**Exercise details**. Output the whole listing below exactly, omitting the images.

**Data excerpt**.
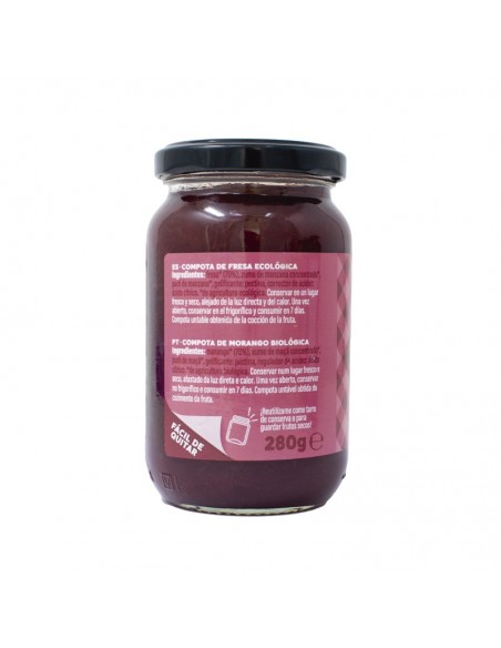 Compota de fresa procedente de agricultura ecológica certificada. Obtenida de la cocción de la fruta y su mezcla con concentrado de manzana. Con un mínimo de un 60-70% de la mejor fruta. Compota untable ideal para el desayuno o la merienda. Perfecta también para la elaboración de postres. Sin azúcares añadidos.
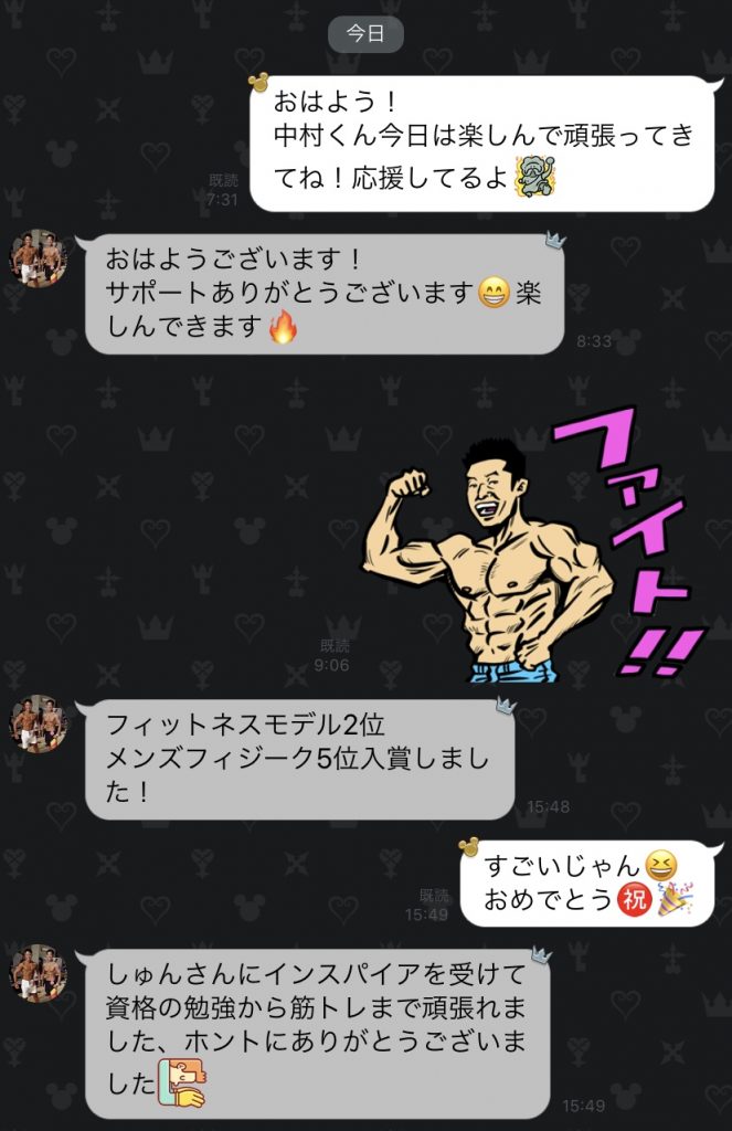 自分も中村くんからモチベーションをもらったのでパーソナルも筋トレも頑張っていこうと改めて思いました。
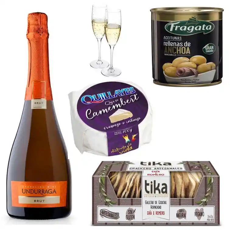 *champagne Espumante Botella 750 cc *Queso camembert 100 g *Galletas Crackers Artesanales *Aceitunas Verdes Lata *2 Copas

**Exercise solution**.
 Compota de fresa procedente de agricultura ecológica certificada. Obtenida de la cocción de la fruta y su mezcla con concentrado de manzana. Con un mínimo de un 60-70% de la mejor fruta. Compota untable ideal para el desayuno o la merienda. Perfecta también para la elaboración de postres. Sin azúcares añadidos.
 自分も中村くんからモチベーションをもらったのでパーソナルも筋トレも頑張っていこうと改めて思いました。
 *champagne Espumante Botella 750 cc *Queso camembert 100 g *Galletas Crackers Artesanales *Aceitunas Verdes Lata *2 Copas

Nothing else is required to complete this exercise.